## WHAT TO WORK ON
Repeat only these lines, exactly: the first line of the data, the line containing "4 paia di originali", and every line between them. Pictures stay out.

## PROVIDED DATA
· · ·

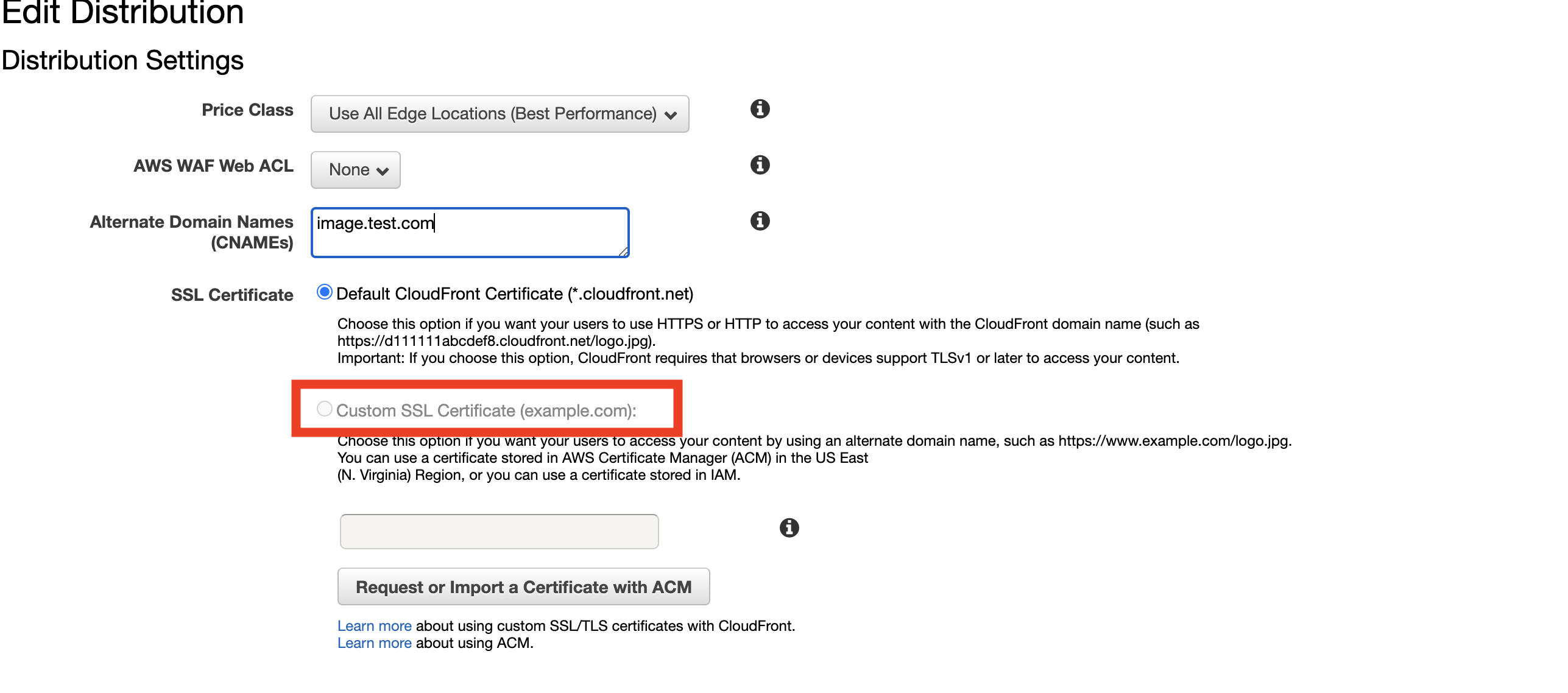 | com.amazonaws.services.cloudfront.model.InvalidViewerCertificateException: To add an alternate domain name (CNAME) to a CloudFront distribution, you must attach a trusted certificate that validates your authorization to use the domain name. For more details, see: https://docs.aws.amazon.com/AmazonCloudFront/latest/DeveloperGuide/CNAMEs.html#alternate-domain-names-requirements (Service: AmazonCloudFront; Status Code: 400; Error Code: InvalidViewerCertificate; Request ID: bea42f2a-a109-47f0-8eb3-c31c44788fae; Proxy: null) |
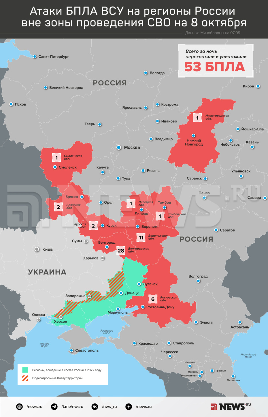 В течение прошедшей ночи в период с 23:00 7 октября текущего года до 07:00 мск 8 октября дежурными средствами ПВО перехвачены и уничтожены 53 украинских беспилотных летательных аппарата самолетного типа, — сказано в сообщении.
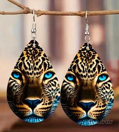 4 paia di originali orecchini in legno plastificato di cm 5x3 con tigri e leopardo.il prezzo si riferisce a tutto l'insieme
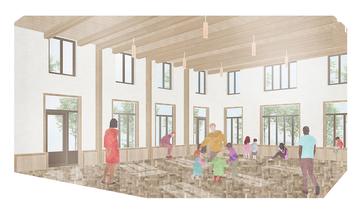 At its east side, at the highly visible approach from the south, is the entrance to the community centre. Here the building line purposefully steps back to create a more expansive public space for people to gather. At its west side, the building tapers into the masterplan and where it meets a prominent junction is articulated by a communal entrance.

· · ·

## FINAL ANSWER
 | com.amazonaws.services.cloudfront.model.InvalidViewerCertificateException: To add an alternate domain name (CNAME) to a CloudFront distribution, you must attach a trusted certificate that validates your authorization to use the domain name. For more details, see: https://docs.aws.amazon.com/AmazonCloudFront/latest/DeveloperGuide/CNAMEs.html#alternate-domain-names-requirements (Service: AmazonCloudFront; Status Code: 400; Error Code: InvalidViewerCertificate; Request ID: bea42f2a-a109-47f0-8eb3-c31c44788fae; Proxy: null) |
 В течение прошедшей ночи в период с 23:00 7 октября текущего года до 07:00 мск 8 октября дежурными средствами ПВО перехвачены и уничтожены 53 украинских беспилотных летательных аппарата самолетного типа, — сказано в сообщении.
 4 paia di originali orecchini in legno plastificato di cm 5x3 con tigri e leopardo.il prezzo si riferisce a tutto l'insieme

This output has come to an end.